HDD Data Lake with Cost-Optimized Storage

PERSISTENT_1 HDD for large-capacity, sequential-throughput workloads where cost per GiB is the primary concern:

apiVersion: aws.openmcf.org/v1
kind: AwsFsxLustreFileSystem
metadata:
  name: datalake-fsx
  labels:
    openmcf.org/provisioner: pulumi
    pulumi.openmcf.org/organization: my-org
    pulumi.openmcf.org/project: my-project
    pulumi.openmcf.org/stack.name: prod.AwsFsxLustreFileSystem.datalake-fsx
spec:
  deploymentType: PERSISTENT_1
  storageCapacityGib: 6000
  storageType: HDD
  perUnitStorageThroughput: 12
  dataCompressionType: LZ4
  subnetId: subnet-private-az1
  securityGroupIds:
    - sg-lustre-data
  automaticBackupRetentionDays: 14
  dailyAutomaticBackupStartTime: "02:00"
  copyTagsToBackups: true
  weeklyMaintenanceStartTime: "1:05:00"
  logConfiguration:
    destination: arn:aws:logs:us-east-1:123456789012:log-group:/aws/fsx/datalake
    level: WARN_ERROR

Full-Featured with Logging and Custom Metadata IOPS

Production PERSISTENT_2 deployment with CloudWatch audit logging, customer-managed KMS encryption, explicit metadata IOPS, and final backup on deletion:

apiVersion: aws.openmcf.org/v1
kind: AwsFsxLustreFileSystem
metadata:
  name: prod-fsx
  labels:
    openmcf.org/provisioner: pulumi
    pulumi.openmcf.org/organization: my-org
    pulumi.openmcf.org/project: my-project
    pulumi.openmcf.org/stack.name: prod.AwsFsxLustreFileSystem.prod-fsx
spec:
  region: us-east-1
  deploymentType: PERSISTENT_2
  storageCapacityGib: 7200
  storageType: SSD
  perUnitStorageThroughput: 500
  dataCompressionType: LZ4
  fileSystemTypeVersion: "2.15"
  subnetId: subnet-private-az1
  securityGroupIds:
    - sg-lustre-prod
    - sg-lustre-admin
  kmsKeyId: arn:aws:kms:us-east-1:123456789012:key/mrk-prod-key
  automaticBackupRetentionDays: 30
  dailyAutomaticBackupStartTime: "03:00"
  copyTagsToBackups: true
  skipFinalBackup: false
  weeklyMaintenanceStartTime: "7:02:00"
  logConfiguration:
    destination: arn:aws:logs:us-east-1:123456789012:log-group:/aws/fsx/prod
    level: WARN_ERROR
  metadataConfiguration:
    mode: USER_PROVISIONED
    iops: 12000

Using Foreign Key References

Reference other OpenMCF-managed resources instead of hardcoding IDs:

apiVersion: aws.openmcf.org/v1
kind: AwsFsxLustreFileSystem
metadata:
  name: ref-fsx
  labels:
    openmcf.org/provisioner: pulumi
    pulumi.openmcf.org/organization: my-org
    pulumi.openmcf.org/project: my-project
    pulumi.openmcf.org/stack.name: prod.AwsFsxLustreFileSystem.ref-fsx
spec:
  region: us-west-2
  deploymentType: PERSISTENT_2
  storageCapacityGib: 2400
  storageType: SSD
  perUnitStorageThroughput: 250
  subnetId:
    valueFrom:
      kind: AwsVpc
      name: my-vpc
      field: status.outputs.private_subnets[0].id
  securityGroupIds:
    - valueFrom:
        kind: AwsSecurityGroup
        name: lustre-sg
        field: status.outputs.security_group_id
  kmsKeyId:
    valueFrom:
      kind: AwsKmsKey
      name: fsx-key
      field: status.outputs.key_arn
  logConfiguration:
    destination:
      valueFrom:
        kind: AwsCloudwatchLogGroup
        name: fsx-logs
        field: status.outputs.log_group_arn
    level: WARN_ERROR

Presets

OpenMCF includes preset configurations for common FSx Lustre deployment patterns.

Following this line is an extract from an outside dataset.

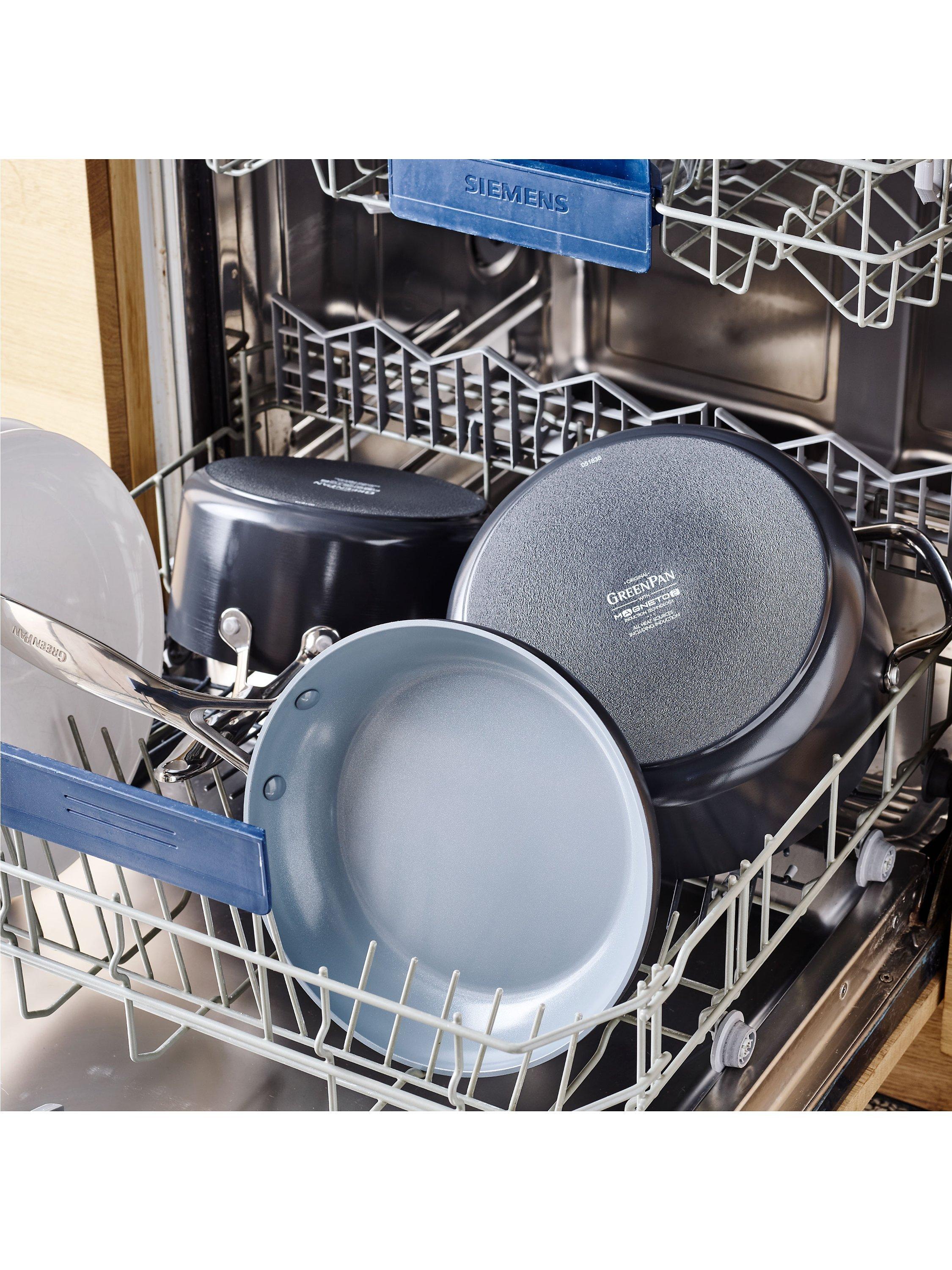Cleaning and storing - dishwasher safe. To preserve the pan, it’s recommended to wash it in warm soapy water. Please allow the cookware to cool completely before washing; leftover fats can carbonise fast. A hot pan plunged in cold water can result in a thermal shock and eventually deform the frying pan.

Each preset is a ready-to-customize manifest with placeholder values for subnet and security group IDs.

Scratch Development

File: presets/01-scratch-development.yaml

SCRATCH_2 SSD with 1200 GiB — the smallest and cheapest Lustre configuration. No data replication, no backups. Use for development and test environments, short-lived batch processing, CI/CD scratch space, and experiments where data loss is acceptable.

Persistent High Throughput

File: presets/02-persistent-high-throughput.yaml

PERSISTENT_2 SSD with 2400 GiB and 1000 MB/s/TiB throughput. LZ4 compression, 7-day automatic backups at 04:00 UTC, AUTOMATIC metadata IOPS, and Sunday 03:00 UTC maintenance window. Use for distributed ML training, HPC simulations, video rendering, and production workloads requiring maximum I/O performance with data durability.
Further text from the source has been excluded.